Previous clinical trials have shown that specific inhibition of CYP17 is safe and has antitumor activity in up to 70% of castrate patients with advanced prostate cancer who were resistant to endocrine therapies.
The phase II study reported here included 47 patients in whom androgen deprivation therapy had failed. All had had prior docetaxel (Taxotere) chemotherapy. They received abiraterone acetate orally, 1,000mg/day in 28-day cycles. Stable doses of glucocorticoids were allowed.
Tangible improvement
A total maximum PSA decline of 50% or greater at any point in the study, the primary endpoint, was achieved by 24 men (51.1%). Thirty-two patients (68.1%) had a total maximum PSA decline of 30% or greater and seven (14.9%) had a total maximum PSA decline of at least 70%. A similar trend in PSA response was observed at week 12, according to first author Alison H. Reid, MD, of the Institute of Cancer Research, Royal Mardsen Hospital.
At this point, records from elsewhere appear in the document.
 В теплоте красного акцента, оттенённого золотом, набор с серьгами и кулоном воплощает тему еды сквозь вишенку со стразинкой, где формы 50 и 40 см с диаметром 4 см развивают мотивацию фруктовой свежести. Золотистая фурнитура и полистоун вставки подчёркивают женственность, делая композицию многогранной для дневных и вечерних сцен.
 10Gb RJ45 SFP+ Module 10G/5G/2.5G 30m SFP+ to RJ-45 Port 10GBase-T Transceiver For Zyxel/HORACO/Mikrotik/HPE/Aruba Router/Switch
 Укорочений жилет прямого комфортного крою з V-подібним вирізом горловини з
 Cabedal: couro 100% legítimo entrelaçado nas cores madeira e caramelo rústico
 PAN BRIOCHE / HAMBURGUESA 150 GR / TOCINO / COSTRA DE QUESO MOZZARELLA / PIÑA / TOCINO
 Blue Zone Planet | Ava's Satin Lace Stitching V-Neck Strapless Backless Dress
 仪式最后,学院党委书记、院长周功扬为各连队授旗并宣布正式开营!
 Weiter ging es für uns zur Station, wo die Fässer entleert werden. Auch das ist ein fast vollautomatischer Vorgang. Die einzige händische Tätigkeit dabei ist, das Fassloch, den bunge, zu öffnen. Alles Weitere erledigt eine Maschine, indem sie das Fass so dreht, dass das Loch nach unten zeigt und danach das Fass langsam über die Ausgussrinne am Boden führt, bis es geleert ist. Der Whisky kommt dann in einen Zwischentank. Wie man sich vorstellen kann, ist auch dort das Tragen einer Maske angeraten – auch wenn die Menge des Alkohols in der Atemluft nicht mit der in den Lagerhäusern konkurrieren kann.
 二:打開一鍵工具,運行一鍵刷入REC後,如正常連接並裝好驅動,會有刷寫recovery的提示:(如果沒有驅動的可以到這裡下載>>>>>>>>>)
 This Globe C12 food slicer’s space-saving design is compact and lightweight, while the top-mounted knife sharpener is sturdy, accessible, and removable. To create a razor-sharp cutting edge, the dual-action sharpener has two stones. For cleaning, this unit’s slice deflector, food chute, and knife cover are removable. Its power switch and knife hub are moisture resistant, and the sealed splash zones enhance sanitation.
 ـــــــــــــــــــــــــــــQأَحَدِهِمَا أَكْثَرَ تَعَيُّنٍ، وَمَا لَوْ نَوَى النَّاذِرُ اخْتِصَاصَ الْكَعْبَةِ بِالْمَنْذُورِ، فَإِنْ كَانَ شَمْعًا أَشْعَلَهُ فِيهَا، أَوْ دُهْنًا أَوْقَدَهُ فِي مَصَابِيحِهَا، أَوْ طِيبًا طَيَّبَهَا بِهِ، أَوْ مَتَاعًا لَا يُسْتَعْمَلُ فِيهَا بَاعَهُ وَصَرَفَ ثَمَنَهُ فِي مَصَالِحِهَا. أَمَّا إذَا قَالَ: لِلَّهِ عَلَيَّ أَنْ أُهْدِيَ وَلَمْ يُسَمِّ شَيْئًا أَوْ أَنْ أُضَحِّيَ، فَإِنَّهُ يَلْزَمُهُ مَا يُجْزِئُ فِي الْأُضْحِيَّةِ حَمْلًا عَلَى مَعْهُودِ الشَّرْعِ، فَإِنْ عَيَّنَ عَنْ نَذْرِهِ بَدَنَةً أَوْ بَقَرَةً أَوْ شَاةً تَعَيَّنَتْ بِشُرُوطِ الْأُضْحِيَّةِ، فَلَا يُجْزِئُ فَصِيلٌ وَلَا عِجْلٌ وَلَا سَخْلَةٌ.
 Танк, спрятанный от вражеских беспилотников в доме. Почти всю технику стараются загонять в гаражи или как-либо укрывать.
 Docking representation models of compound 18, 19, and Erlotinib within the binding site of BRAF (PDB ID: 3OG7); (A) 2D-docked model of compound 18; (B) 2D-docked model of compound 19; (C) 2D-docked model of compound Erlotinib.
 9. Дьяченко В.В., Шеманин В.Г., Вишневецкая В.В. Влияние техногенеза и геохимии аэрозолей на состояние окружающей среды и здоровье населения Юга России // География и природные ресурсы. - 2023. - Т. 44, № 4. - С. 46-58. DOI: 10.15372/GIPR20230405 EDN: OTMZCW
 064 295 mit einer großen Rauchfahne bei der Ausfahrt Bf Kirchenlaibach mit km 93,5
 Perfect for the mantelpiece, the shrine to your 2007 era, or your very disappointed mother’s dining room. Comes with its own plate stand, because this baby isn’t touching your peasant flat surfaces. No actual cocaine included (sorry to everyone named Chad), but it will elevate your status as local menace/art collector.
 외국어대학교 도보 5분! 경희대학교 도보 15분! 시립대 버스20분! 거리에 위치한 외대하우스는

Thirty-five patients were evaluable by Response Evaluation Criteria In Solid Tumors (RECIST). Of these, six (17.1%) had a partial response and 25 (71.4%) had stable disease.Median time to PSA progression: 169 days.
In all, 35.4% of patients showed improvement on their Eastern Cooperative Oncology Group (ECOG) performance status. Ten of 27 (37%) improved from baseline ECOG 1 to post-baseline ECOG 0, and one of four (25%) improved from baseline ECOG 2 to post-baseline ECOG 1. About half (53%) maintained performance status.
Thirty-four patients had CTCs enumerated. Of the 27 with five or more CTCs at baseline, 11 (41%) had a decline to 5 or less on abiraterone. Nineteen of the 27 (70.3%) patients had a CTC decline of at least 30%.
"CTC declines of 30% or more have previously been shown to correlate with improved survival," Dr. Reid noted.
Toxicities related to mineralocorticoid excess were mainly grade 1-2 (hypokalemia, 57.4%; hypertension, 19.1%; peripheral edema, 21.3%) and were treated with eplerenone or corticosteroids.
Two phase III studies of abiraterone in men with castration-resistant prostate cancer are under way, one in combination with prednisone, comparing it to prednisone alone in patients in whom docetaxel chemotherapy has failed, and the other in patients prior to docetaxel chemotherapy.
Some authors of this study disclose that they own stock in, receive research funding from, act as consultants/advisers for, or are employees of Cougar Biotechnology.